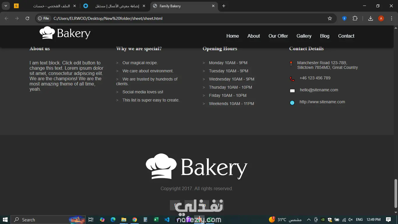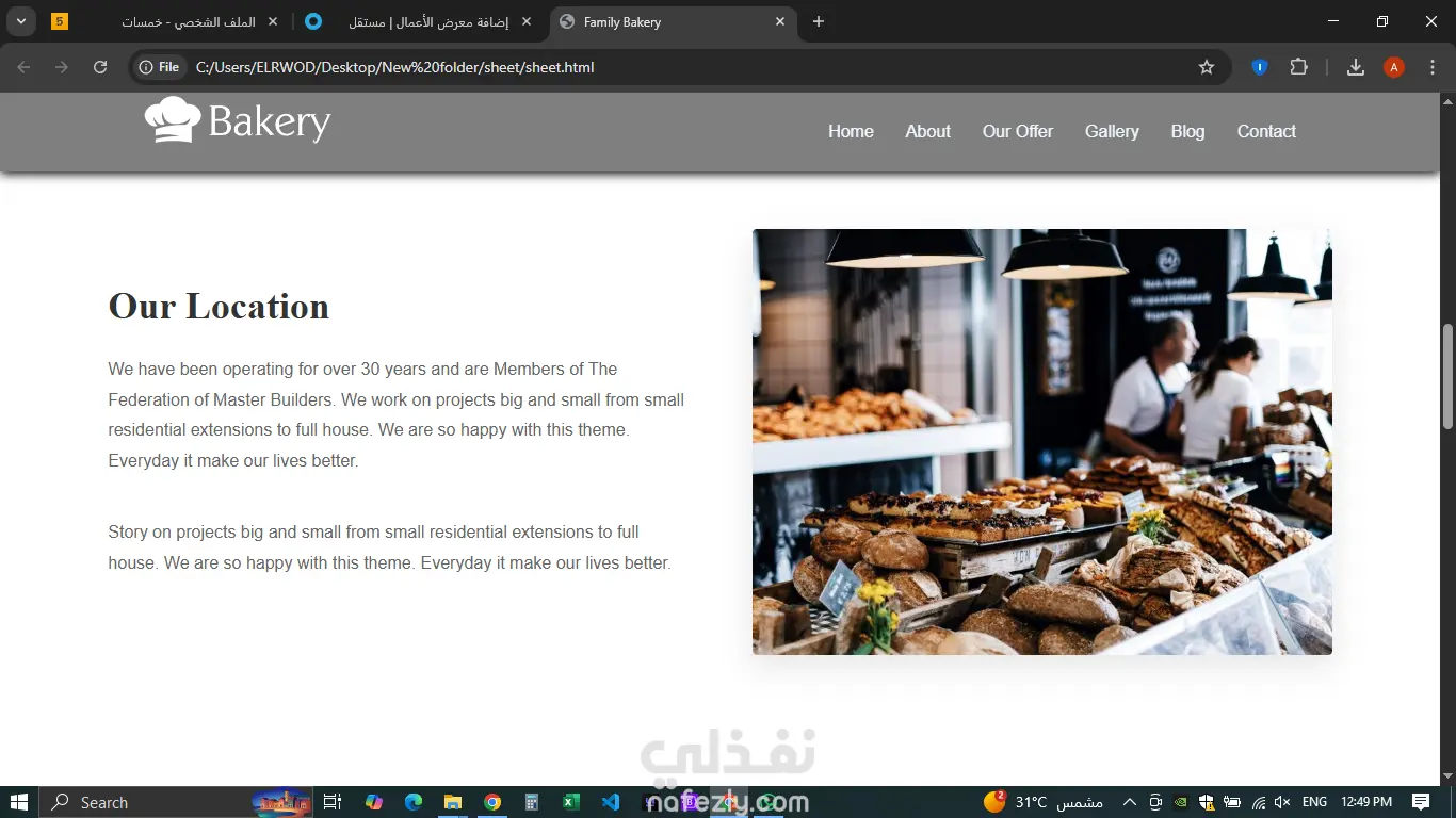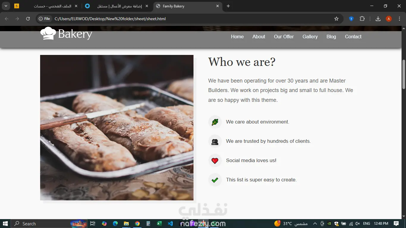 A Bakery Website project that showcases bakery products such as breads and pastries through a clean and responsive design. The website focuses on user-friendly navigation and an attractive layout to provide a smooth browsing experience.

* * *

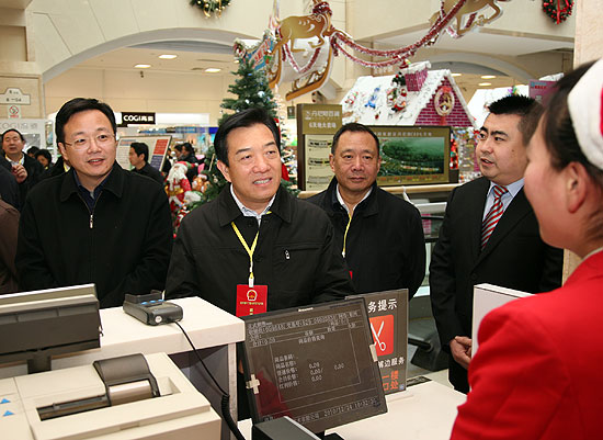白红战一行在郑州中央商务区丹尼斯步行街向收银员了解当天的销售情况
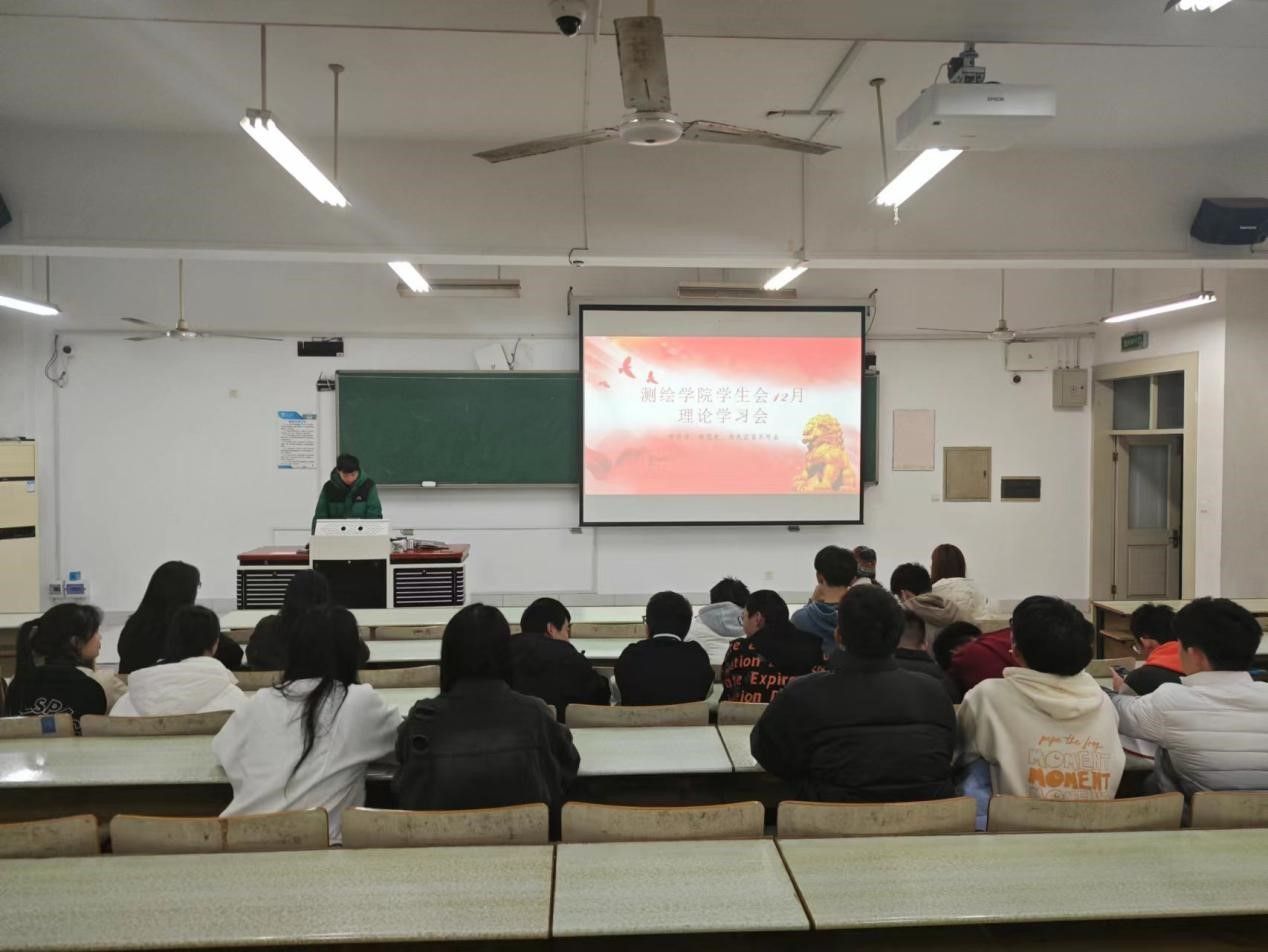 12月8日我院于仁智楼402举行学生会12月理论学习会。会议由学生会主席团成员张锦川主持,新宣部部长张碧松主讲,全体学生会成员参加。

■ **Task to carry out**
Lines from the one above containing "白红战一行在郑州中央商务区丹尼斯步行街向收银员了解当天的销售情况" down to the one containing "12月8日我院于仁智楼402" should be transcribed exactly, with both ends kept and no pictures.

■ **Solution to the problem**
白红战一行在郑州中央商务区丹尼斯步行街向收银员了解当天的销售情况
 12月8日我院于仁智楼402举行学生会12月理论学习会。会议由学生会主席团成员张锦川主持,新宣部部长张碧松主讲,全体学生会成员参加。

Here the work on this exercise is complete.